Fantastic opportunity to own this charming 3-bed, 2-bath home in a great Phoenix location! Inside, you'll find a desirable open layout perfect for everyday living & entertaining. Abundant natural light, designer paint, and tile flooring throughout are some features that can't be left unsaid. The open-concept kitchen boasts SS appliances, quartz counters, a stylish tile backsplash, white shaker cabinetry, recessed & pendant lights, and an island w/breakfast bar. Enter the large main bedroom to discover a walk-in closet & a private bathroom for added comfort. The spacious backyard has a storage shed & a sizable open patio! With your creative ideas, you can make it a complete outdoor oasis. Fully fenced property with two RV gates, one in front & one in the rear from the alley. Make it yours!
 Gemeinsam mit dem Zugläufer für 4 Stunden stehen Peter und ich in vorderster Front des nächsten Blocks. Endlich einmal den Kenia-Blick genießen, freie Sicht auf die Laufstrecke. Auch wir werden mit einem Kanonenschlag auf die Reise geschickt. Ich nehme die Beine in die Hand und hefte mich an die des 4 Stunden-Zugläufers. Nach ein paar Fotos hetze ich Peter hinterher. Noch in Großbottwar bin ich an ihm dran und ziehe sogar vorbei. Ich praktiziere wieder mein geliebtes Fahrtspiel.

###

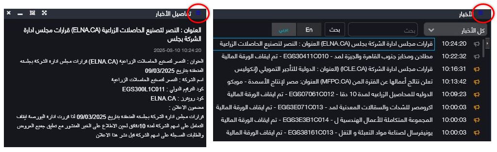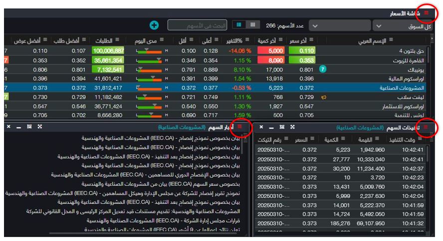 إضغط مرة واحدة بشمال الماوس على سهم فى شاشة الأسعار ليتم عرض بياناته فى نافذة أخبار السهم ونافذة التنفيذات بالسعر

###

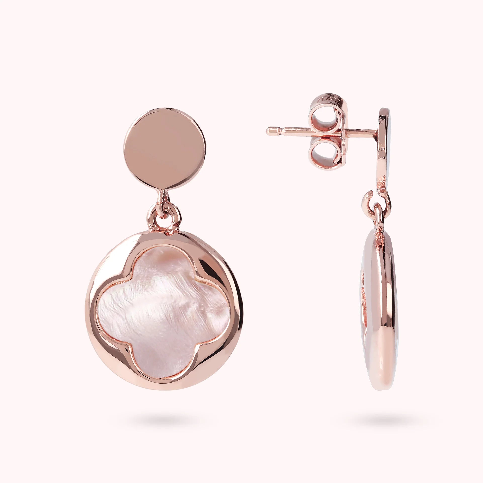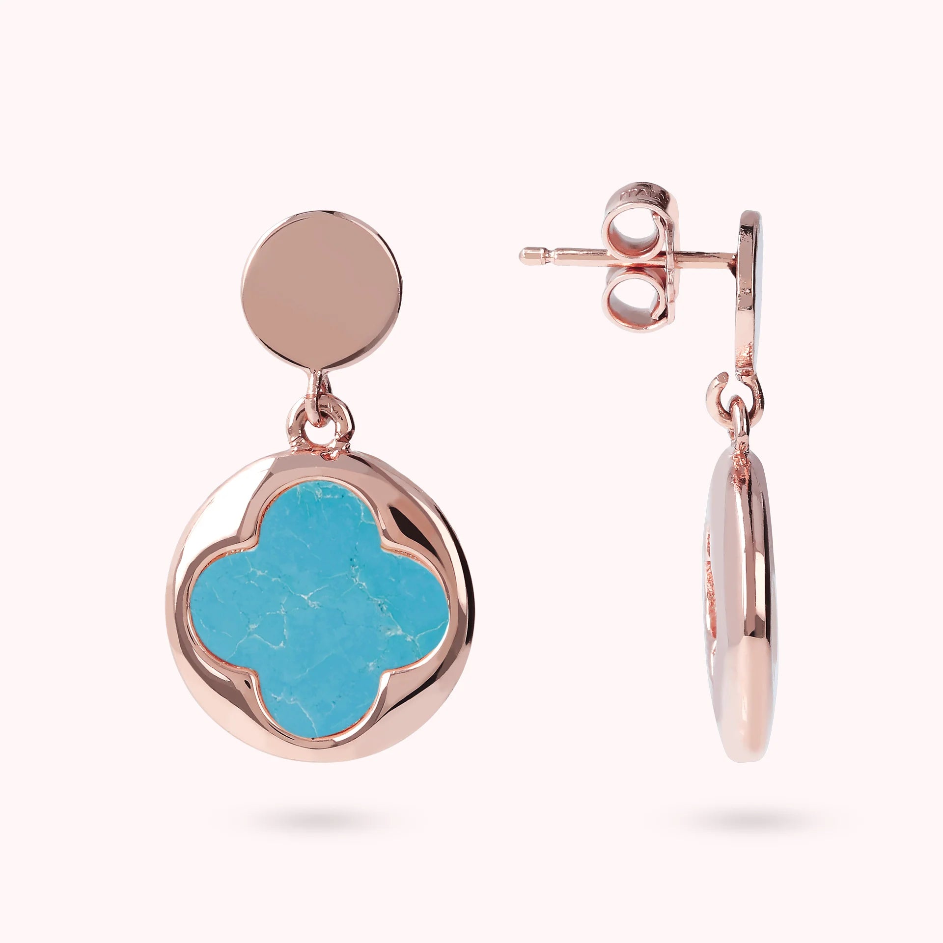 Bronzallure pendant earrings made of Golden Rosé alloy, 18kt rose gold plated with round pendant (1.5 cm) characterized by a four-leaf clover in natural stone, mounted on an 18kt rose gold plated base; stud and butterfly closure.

###

§ **ACTIVITY**
Give again exactly, and only, the lines above starting at the one with "Fantastic opportunity to" and ending at the one with "Gemeinsam mit dem".

§ **SOLUTION FOR THIS TASK**
Fantastic opportunity to own this charming 3-bed, 2-bath home in a great Phoenix location! Inside, you'll find a desirable open layout perfect for everyday living & entertaining. Abundant natural light, designer paint, and tile flooring throughout are some features that can't be left unsaid. The open-concept kitchen boasts SS appliances, quartz counters, a stylish tile backsplash, white shaker cabinetry, recessed & pendant lights, and an island w/breakfast bar. Enter the large main bedroom to discover a walk-in closet & a private bathroom for added comfort. The spacious backyard has a storage shed & a sizable open patio! With your creative ideas, you can make it a complete outdoor oasis. Fully fenced property with two RV gates, one in front & one in the rear from the alley. Make it yours!
 Gemeinsam mit dem Zugläufer für 4 Stunden stehen Peter und ich in vorderster Front des nächsten Blocks. Endlich einmal den Kenia-Blick genießen, freie Sicht auf die Laufstrecke. Auch wir werden mit einem Kanonenschlag auf die Reise geschickt. Ich nehme die Beine in die Hand und hefte mich an die des 4 Stunden-Zugläufers. Nach ein paar Fotos hetze ich Peter hinterher. Noch in Großbottwar bin ich an ihm dran und ziehe sogar vorbei. Ich praktiziere wieder mein geliebtes Fahrtspiel.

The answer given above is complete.